A: A great deal depends on what may be causing the pain. We are assuming that the neurectomy was selected after a very thorough neurological examination; it is not common practice to start cutting nerves unless there is a very good and clearly diagnosed reason. On the assumption that this nerve corresponded to the area in which you were and still are experiencing pain, then there may be a small chance that acupuncture treatment may be of benefit.
Acupuncture treatment does have a general pain-relieving effect which has been the object of a great deal of study over the years, as our factsheet on chronic pain shows:
The chemical markers for pain relief, the neurotransmitters, are easily measured to provide an objective marker of whether something is happening. The main question with treating at this kind of generic level is how much relief the treatment may give and how sustainable the relief is. In many cases this comes down, unfortunately, to a financial question: is the treatment affordable and worthwhile when the cost is set against the relief.

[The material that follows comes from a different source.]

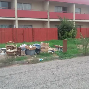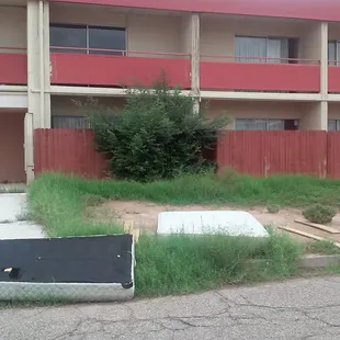 Trash is left for days on property until cleaned up. Long weeds and grass block sidewalks.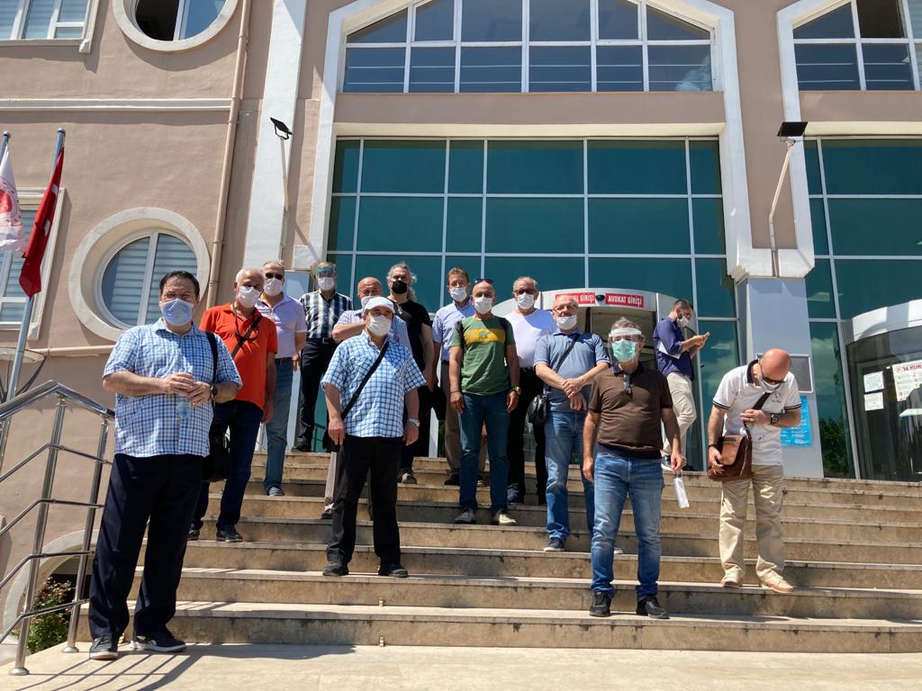 Yıldız'ın eşi, avukatları ve desteğe gelen emekli askerler Adliye önünde fotoğraf çektirdi

However, the understanding of the body as a system of energy in flow which underpins traditional Chinese medicine does afford other possibilities for consideration. Like any enclosed and self-contained system, if there is damage then where the flow is impaired pain will arise, either from a deficiency or excess of energy in the area, or through the stagnation in the flow. Using needles this flow can be reinstated, and the pain reduced or removed. Sometimes the very fact of surgical incision can create a blockage, as can the formation of scar tissue. This can sometimes have effects some distance away from the scar tissue itself. Treatment is often a mixture of local treatment and treatment some distance away, although we can reassure you immediately by saying that there are no acupuncture points on the testicle or scrotum! There are, however, points on the lower leg a which refer directly to this area, and these may come into play.
The best advice that we can give is to visit a BAcC member local to you for an informal assessment of what may be possible. Although we can be quite confident about the treatment of conditions which we often see it is far more difficult to offer opinions on unique presentations like yours. However, a skilled practitioner may well be able to make a few diagnostic soundings which can tell them how likely it will be to help your problem.